3.3.2 Empirical Orthogonal Function (EOF) Analysis
3.3.3 Rainfall Anomalies and MJO Indices
As seen in the previous section, monsoon rainfall over central India exhibits strong intraseasonal variability causing droughts or floods. Madden Julian Oscillation (MJO) is one of the most influencing factors of the intraseasonal variability of the monsoon rainfall over India. Pai et al. (2011) using IMD daily gridded rainfall data and Wheeler–Hendon MJO indices, examined the intra-seasonal variation of daily rainfall distribution over India associated with various phases of eastward propagating MJO life cycle. They have found that during MJO phases of 1 and 2, formation of positive convective anomaly over the equatorial Indian cause break monsoon type rainfall distribution over India. As the MJO propagates eastwards to west equatorial Pacific through the maritime continent, a gradual northward shift of the convective activity over the Indian Ocean is observed. During phase 4, the northward propagating convective zone merges with monsoon trough and enhances rainfall activity over the region. During phases 5 and 6, the patterns are reversed compared to that during phases 1 and 2 and India experiences active monsoon conditions. During the subsequent phases (7 and 8), the convective anomaly patterns are very similar to that during phases 1 and 2. A general decrease in the rainfall is also observed over most parts of the country. However, it is not clear from the above study and similar past studies if the real-time MJO indices represent drought conditions over MP and if so, which phases of MJO need to be monitored or forecasted.

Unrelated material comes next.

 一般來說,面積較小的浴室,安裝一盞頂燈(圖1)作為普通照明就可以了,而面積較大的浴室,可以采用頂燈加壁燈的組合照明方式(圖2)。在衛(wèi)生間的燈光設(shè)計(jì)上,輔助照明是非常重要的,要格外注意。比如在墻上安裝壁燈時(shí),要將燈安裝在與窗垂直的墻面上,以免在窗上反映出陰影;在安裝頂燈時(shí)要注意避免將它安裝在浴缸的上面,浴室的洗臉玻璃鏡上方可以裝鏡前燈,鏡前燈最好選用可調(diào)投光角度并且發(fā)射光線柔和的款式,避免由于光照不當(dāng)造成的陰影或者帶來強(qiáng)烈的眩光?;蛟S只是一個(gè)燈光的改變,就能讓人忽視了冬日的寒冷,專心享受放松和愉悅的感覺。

3.3.4 Soil Moisture and Evapotranspiration
Rainfall variability (in daily and monthly scale) in the context of drought occurrence over Madhya Pradesh in central India during summer monsoon has been studied using observed datasets. Mechanism of such rainfall variability has been examined so that an effective drought monitoring system can be developed for the study region. Consistency among various datasets such as rainfall, surface temperature, soil moisture and evapotranspiration have been examined. These parameters are from various different sources and critical for drought monitoring and prediction. Main conclusions of the present study are the following.

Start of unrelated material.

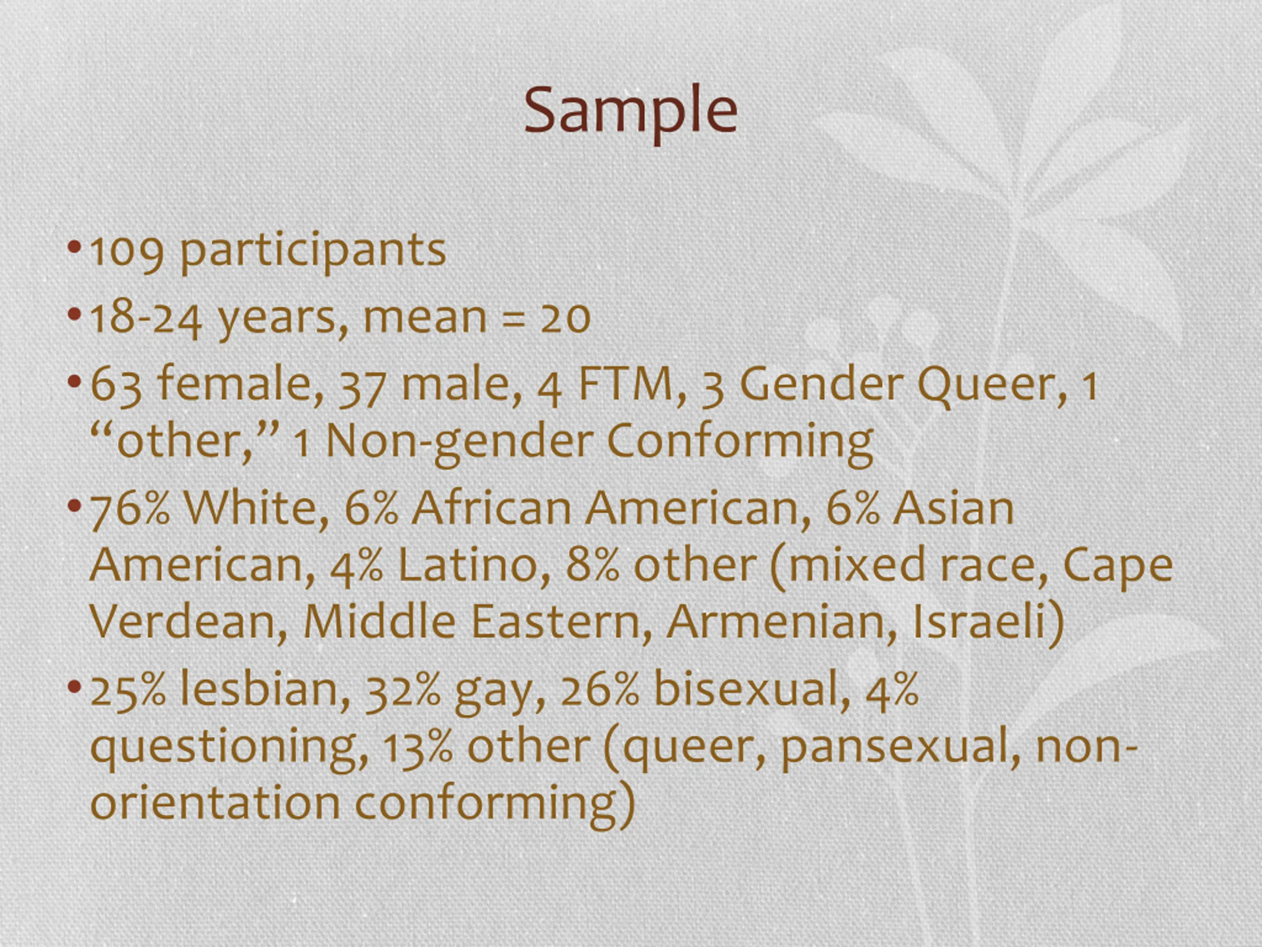 Sample 109 participants 18-24 years, mean = 20 63 female, 37 male, 4 FTM, 3 Gender Queer, 1 other, 1 Non-gender Conforming 76% White, 6% African American, 6% Asian American, 4% Latino, 8% other (mixed race, Cape Verdean, Middle Eastern, Armenian, Israeli) 25% lesbian, 32% gay, 26% bisexual, 4% questioning, 13% other (queer, pansexual, non- orientation conforming)

Composite analysis of winds 850 and 200 hPa during excess and deficient rainfall years show that the southwesterly winds are stronger and a cyclonic circulation is formed at 850 hPa over central India during excess rainfall months. The Tibetan anticyclone is shifted west and northwards from its normal position when the study region gets above normal rainfall. The opposite happens when the regions get below normal (deficit) rainfall. During weak phases of monsoon, central India receives deficit rainfall with weaker monsoon circulation. This phase is characterized by an anticyclonic circulation at 850 hPa centered on MP. The EOF analysis suggests that the two leading modes explain about 23–24% of rainfall variability in intraseasonal timescale. These two modes also represent large-scale monsoon variability with central India and Western Ghat regions having same phase and the north-east India having opposite phase. These two modes also represent drought conditions over MP.
Relationship of weak phases of rainfall over central India with real-time multivariate (RMM) indices of MJO has been examined. It is found that RMM-6, RMM-7, RMM-1 and RMM-2 describe the drought conditions over central India. However, frequency of drought occurrence over MP is more during RMM-7 phase. Therefore, a relationship between droughts over MP and the eastward propagating MJO mode has been established. Surface temperature increases by about 0.5°–1° during weak phases of rainfall over this region.

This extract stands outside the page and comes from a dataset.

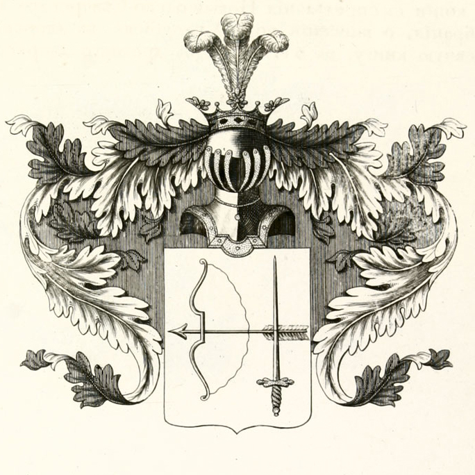 В Щите, имеющем серебреное поле, изображен Лук с Стрелою летящею в правую сторону, и Шпага поставленная остроконечием в верх. Щит увенчан обыкновенным дворянским Шлемом, с дворянскою на нем Короною и тремя Строусовыми перьями. Намет на Щите серебреный, подложенный красным. [1]

An attempt has been made to document relationship between remotely sensed soil moisture and evapotranspiration with meteorological conditions over central India. It is found that the soil moisture and evapotranspiration gradually reduce when rainfall reduces. Soil moisture and evapotranspiration anomalies have positive pattern during good rainfall events over central India and gradually reduce and become negative anomalies during weak phases.